Faşistlerin en sevdiğim huyu, “faşist” denmesine alınmaları. Yani adam kendini kafatasçı ideolojiye adamış, hayatını “kan”, “ırk”, “vatan toprağı” gibi mistik sözcüklerin etrafında döndürüyor, ama biri çıkıp da “faşistsin” dediğinde hemen küplere biniyor. Oysa tam da faşistler gibi davranıyorlar: İnsanları ırkına, diline, cinsel kimliğine göre ayırıyor, şiddeti kutsuyor, farklı olanı düşman ilan ediyorlar. Ama biri çıkıp da “tamam işte, sen faşistsin” dedi mi, köpürüyorlar. Hatta şarkılarında açık açık bağırıyorlar:
“Bize faşist diyenler ya haindir ya puşt.”
İşte budur faşizmin bütün özeti. Küfürle, homofobiyle, düşmanlaştırmayla beslenen, en ufak eleştiriye tahammülü olmayan bir zihniyet. Kendilerini eleştiren herkesi ya “hain” ilan ediyorlar, ya da aşağılayıcı bir dille hedef gösteriyorlar. Çünkü başka hiçbir dilleri yok: Ne özgürlük, ne eşitlik, ne dayanışma… Sadece küfür, sadece nefret.
“Ötüken Yolu Yokuştur” marşını seslendiren grubun adı da çok manidar: “Ruhsuzlar.” Evet, doğru. Çünkü faşizmin özü ruhsuzluktur. Sanatı yok eder, düşünceyi zincirler, sevgiyi aşağılar, insanı bir kalıba sıkıştırır. Şarkılarında da ruhsuzluk akıyor zaten: “Ötüken yolu yokuştur.” Hadi oradan! O yol, ne Ötüken’e ne de bir dağa çıkar. O yol, yokuş aşağı otoriterliğe, baskıya, şiddete çıkıyor.
Bugün Türkiye’de bu zihniyetin yankılarını her yerde görüyoruz. Bir yandan iktidarın “yerli ve milli” masalları, öte yandan sokaklarda gençlere saldıran, üniversite kantinlerinde tehdit savuran, LGBTİ+’ları hedef gösteren aynı koro. Hepsi aynı şarkıyı söylüyor aslında: Özgür olana, farklı olana, eşitlik isteyene “hain” diyorlar; onurlu yaşam talep edene “puşt” diye saldırıyorlar.

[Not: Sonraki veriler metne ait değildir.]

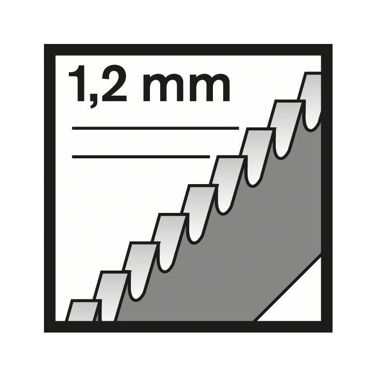 Das T 318 A Basic for Metal Stichsägeblatt macht Schnitte in Metall. Die gefrästen, gewellten Zähne sind ideal für grundlegende Schnitte ohne besondere Anforderungen. Das Blatt aus hochwertigem gehärtetem Hochgeschwindigkeitsstahl ist zum Schneiden von Rohren und geschlossenen Profilen aus Stahl (Standard-Stärke), Aluminium und Nichteisenmetallen geeignet. Die sehr feine Zahnteilung des Blatts (1,2 mm) schneidet dünnwandige Metallrohre und -profile mit 1-3 mm Wanddicke, während die große Länge (132 mm) Rohre und Profile mit einem Durchmesser von bis zu 65 mm schneidet. Für den Gebrauch mit Stichsägen mit T-Schaft-Aufnahme. Für den Gebrauch mit Stichsägen mit T-Schaft-Aufnahme. Werkstoff: HSS, Zahnausführung: gewellt, gefräst, Gesamtlänge [mm]: 132, Zahnteilung [mm]: 1,2, Einsatzbereiche: dünne Bleche (1-3 mm), Rohre + Profile , inkl. Alu (ø <65 mm), Typ: T 318 A.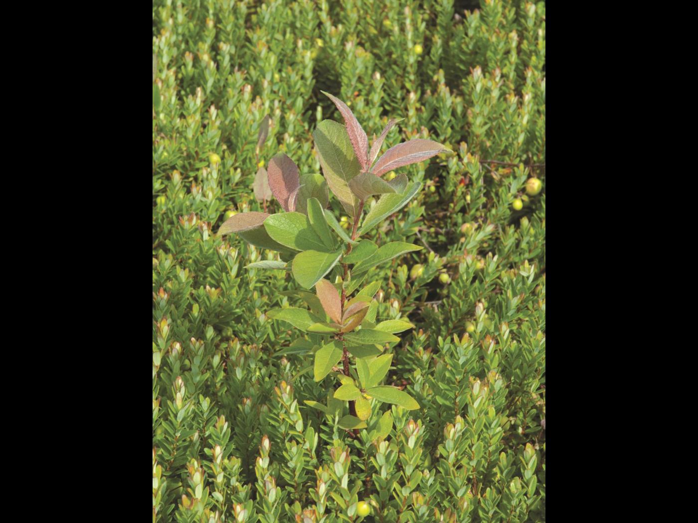 Les jeunes rameaux sont brun rougeâtre ou jaunâtre, glabres et lustrés. Les jeunes feuilles sont généralement translucides et glabres, mais peuvent avoir une légère pilosité blanche sur la face abaxiale.
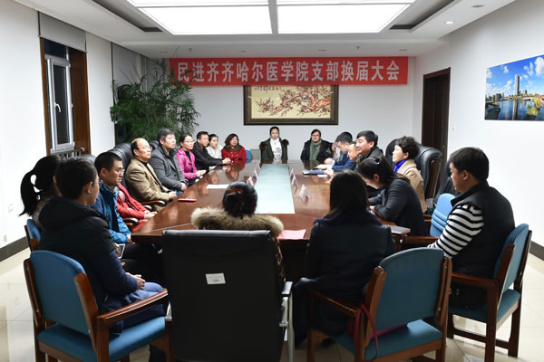 民进市委主委曲政在会上讲话,对学院党委及统战部对民进会员的培养和教育表示感谢,对学院在服务齐市地方经济社会发展,提升齐市城市品位和文化影响力等方面所做的工作给予了充分肯定。他从加强政治理论学习、加强基层组织建设、发挥参政议政作用等方面对民进齐齐哈尔医学院支部的工作方向、工作目标提出了要求:他要求会员要积极学习贯彻中共十九大精神,结合实际,加强自身建设、岗位建设,在自身工作岗位上做出成绩的基础上,更好地参政议政、建言献策,要增强党派意识,学会章、会史,不忘合作初心继续携手前进;他要求支部领导班子成员要加强班子建设,率先垂范,结合学院党委工作开展党派活动。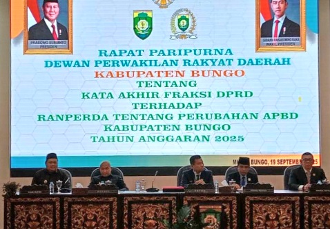 JAMBIBEDA.ID, Muara Bungo – DPRD Kabupaten Bungo menggelar rapat paripurna penyampaian kata akhir fraksi-fraksi terhadap Rancangan Peraturan Daerah (Ranperda) tentang Perubahan Anggaran Pendapatan dan Belanja Daerah (APBD) Tahun Anggaran 2025, Jumat (19/9/2025).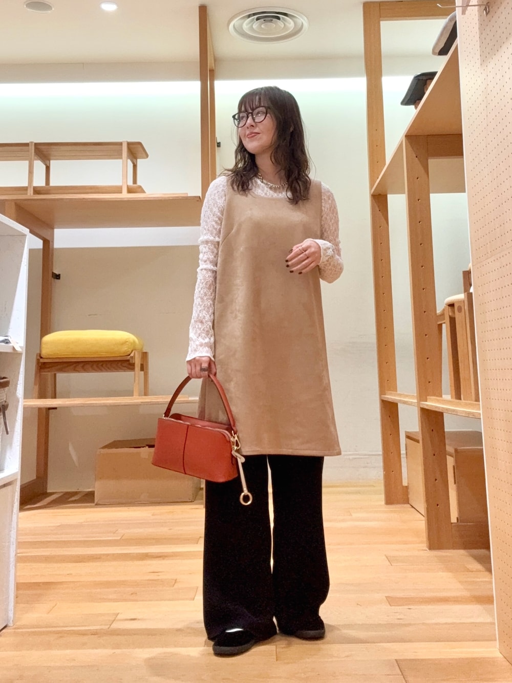 Iラインのスカートは裾が切りっぱなしで長さもありこなれ感がプラスできます◉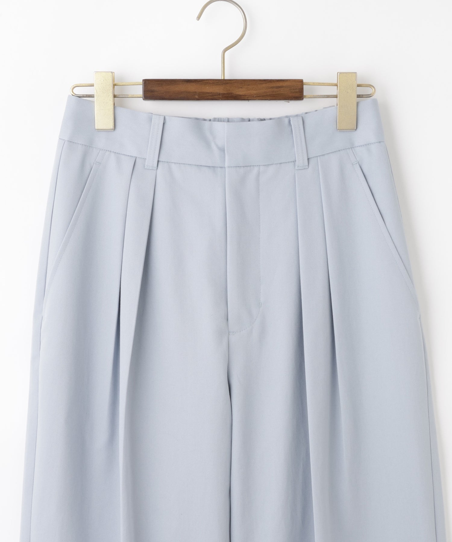 ソフトでほどよい膨らみのあるタッチも魅力のタックワイドパンツ。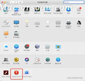 首先打开Mac的设置窗口,然后找到Tuxera NTFS设置项,如下图1红框,打开它。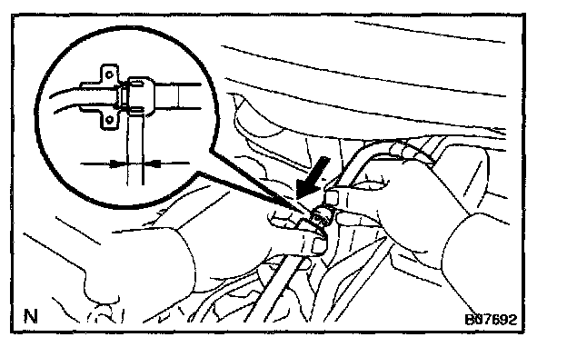 6. Install the fuel pipe clamp.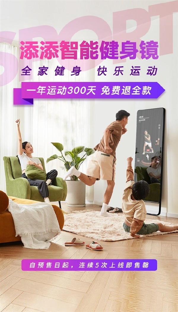 值得一提的是,添添智能健身镜还推出了“一年运动 300 天 免费退全款”活动,用户只需要一年时间内坚持300天健身打卡,即可退还全款,详情可前往小度商城查看。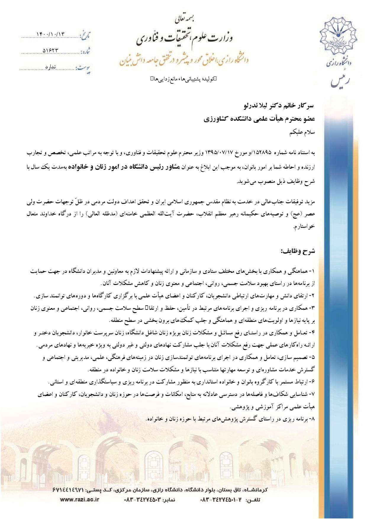 سرپرست دانشگاه رازی، در حکمی دکتر لیلا ندرلو را به عنوان مشاور رئیس دانشگاه در امور زنان و خانواده منصوب کرد.

Aslında asıl yokuşu yaşayan onlar değil, bu ülkenin yoksul halkı. Market raflarındaki fiyatlar, kira yangını, işsizlik, kadın cinayetleri, doğa talanı… İşte gerçek yokuş bu. İnsanlar temel ihtiyaçlarını karşılamak için bile nefes nefese kalıyor. Ruhsuzların yokuşuysa sadece kafalarında: Bayrakla, marşla, “Ötüken” masallarıyla örülmüş hayali bir yol.
Ve bir kez daha görüyoruz ki faşizmin mizahı kendiliğinden ortaya çıkıyor. Düşünsene: Kendine “Ruhsuzlar” diyorsun, şarkında “bize faşist diyenler ya haindir ya puşt” diye bağırıyorsun, sonra da “biz aslında faşist değiliz” diye trip atıyorsun. İnsan daha ne kadar kendi parodisi olabilir ki?
Bizim için mesele basit: Biz faşist diyorsak, siz faşistsiniz. Ve bunu küfürle, nefretle örtmeye çalışsanız da gerçek değişmiyor. Tarih boyunca faşizmin yolu hep yokuş aşağı oldu: önce şiddet, sonra çürüme, en sonunda da çöküş.
Bizim yolumuz ise başka. Bizim yolumuz dayanışmanın, özgürlüğün, eşitliğin yolu. Bazen sarp, bazen taşlı olabilir ama asla ruhsuz değil. Bizim şarkımız küfür değil, özgürlük; bizim marşımız nefret değil, dayanışma.
Ötüken yolunuz varsa, bizim de özgürlük patikalarımız var. Ve o patikalar, sizi kahkahamızın yankısında boğacak.
Cevap
Siz yokuş deyin, biz patika deriz,
Özgürlük yolunda neşeyle yürürüz.
Faşist diyene küfürle saldırırsınız,
Biz gülüp geçer, dayanışırız.
Ruhsuzsunuz, zaten adınızda yazılı,
Bizim yolumuzda ruh var, umut var, barış var.
Siz “hain” dersiniz, biz “kardeş” deriz,
Siz “puşt” dersiniz, biz “özgür aşk” deriz.